Exercise directions: Set down, word for word, every line of the material below from the one containing "Mail To: P.O." through the one containing "On ne voit pas", but none of its pictures.

Records for the exercise:
------------------------------------
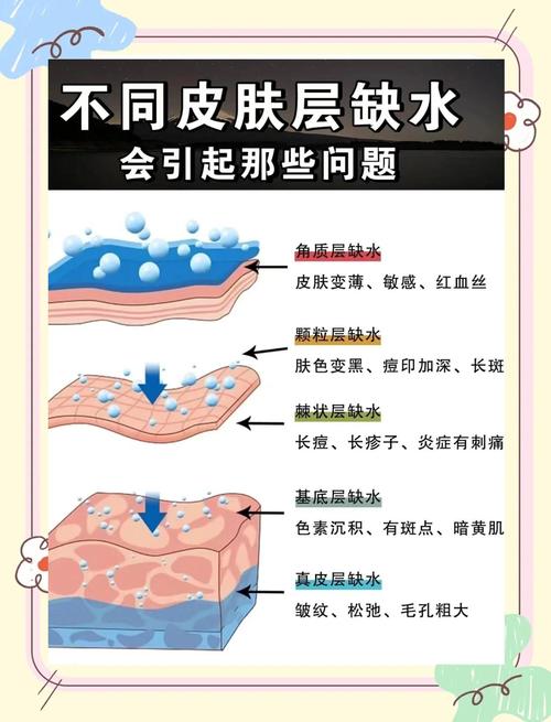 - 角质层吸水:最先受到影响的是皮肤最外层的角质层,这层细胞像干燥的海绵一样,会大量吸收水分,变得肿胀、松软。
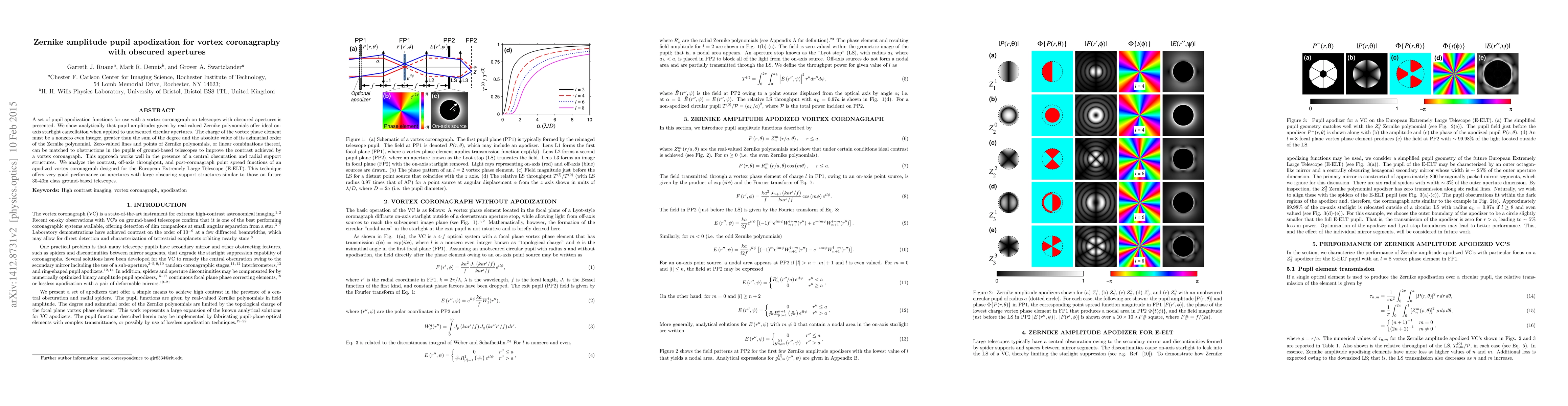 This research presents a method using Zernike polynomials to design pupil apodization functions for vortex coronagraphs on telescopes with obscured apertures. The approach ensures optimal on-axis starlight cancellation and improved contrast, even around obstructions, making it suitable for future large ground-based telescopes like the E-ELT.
------------------------------------
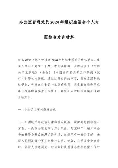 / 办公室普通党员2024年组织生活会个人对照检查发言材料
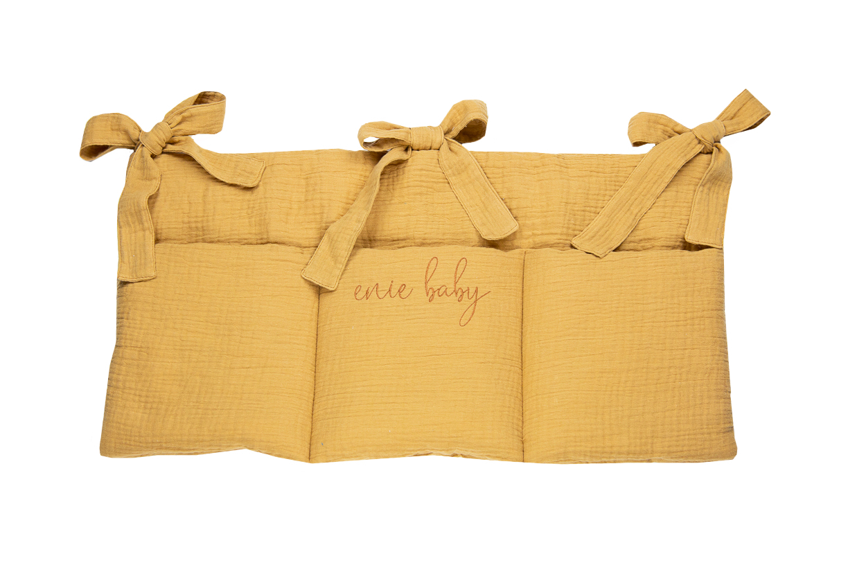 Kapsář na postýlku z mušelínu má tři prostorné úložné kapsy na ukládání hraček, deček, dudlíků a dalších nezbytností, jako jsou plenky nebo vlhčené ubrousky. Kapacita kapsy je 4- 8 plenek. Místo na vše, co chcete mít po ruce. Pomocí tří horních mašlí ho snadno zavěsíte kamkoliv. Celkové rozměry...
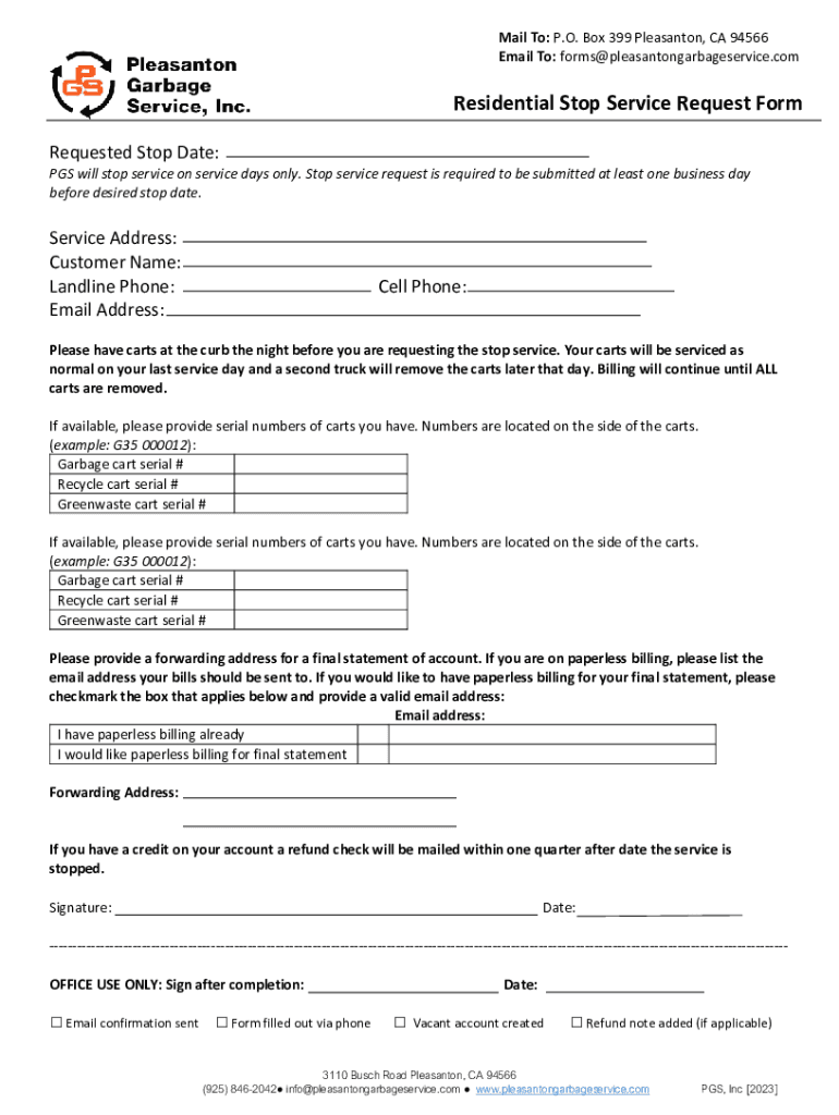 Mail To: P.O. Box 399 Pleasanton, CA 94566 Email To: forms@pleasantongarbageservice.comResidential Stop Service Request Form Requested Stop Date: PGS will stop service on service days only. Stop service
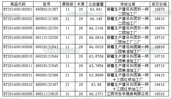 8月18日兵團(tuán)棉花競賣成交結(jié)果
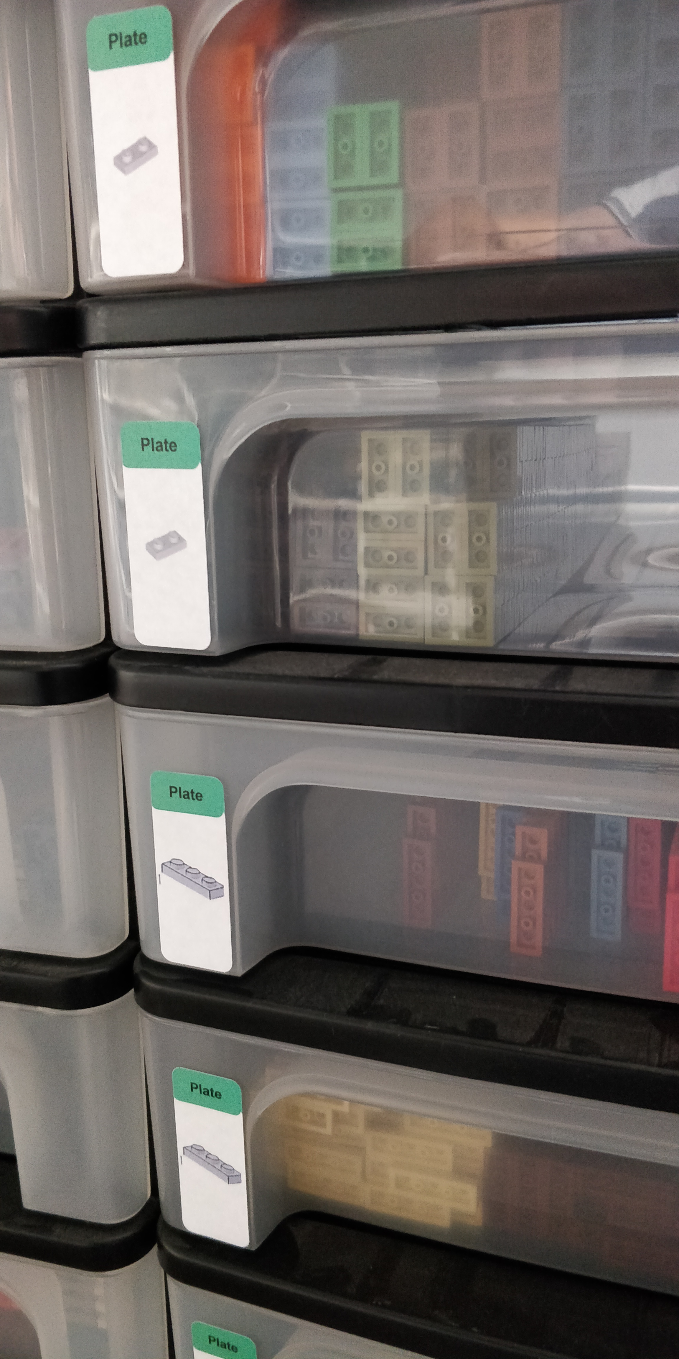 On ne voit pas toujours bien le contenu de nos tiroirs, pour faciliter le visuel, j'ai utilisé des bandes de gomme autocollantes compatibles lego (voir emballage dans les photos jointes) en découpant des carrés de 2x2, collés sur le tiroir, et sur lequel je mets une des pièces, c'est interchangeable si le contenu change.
------------------------------------
Output of the task:
 Mail To: P.O. Box 399 Pleasanton, CA 94566 Email To: forms@pleasantongarbageservice.comResidential Stop Service Request Form Requested Stop Date: PGS will stop service on service days only. Stop service
 8月18日兵團(tuán)棉花競賣成交結(jié)果
 On ne voit pas toujours bien le contenu de nos tiroirs, pour faciliter le visuel, j'ai utilisé des bandes de gomme autocollantes compatibles lego (voir emballage dans les photos jointes) en découpant des carrés de 2x2, collés sur le tiroir, et sur lequel je mets une des pièces, c'est interchangeable si le contenu change.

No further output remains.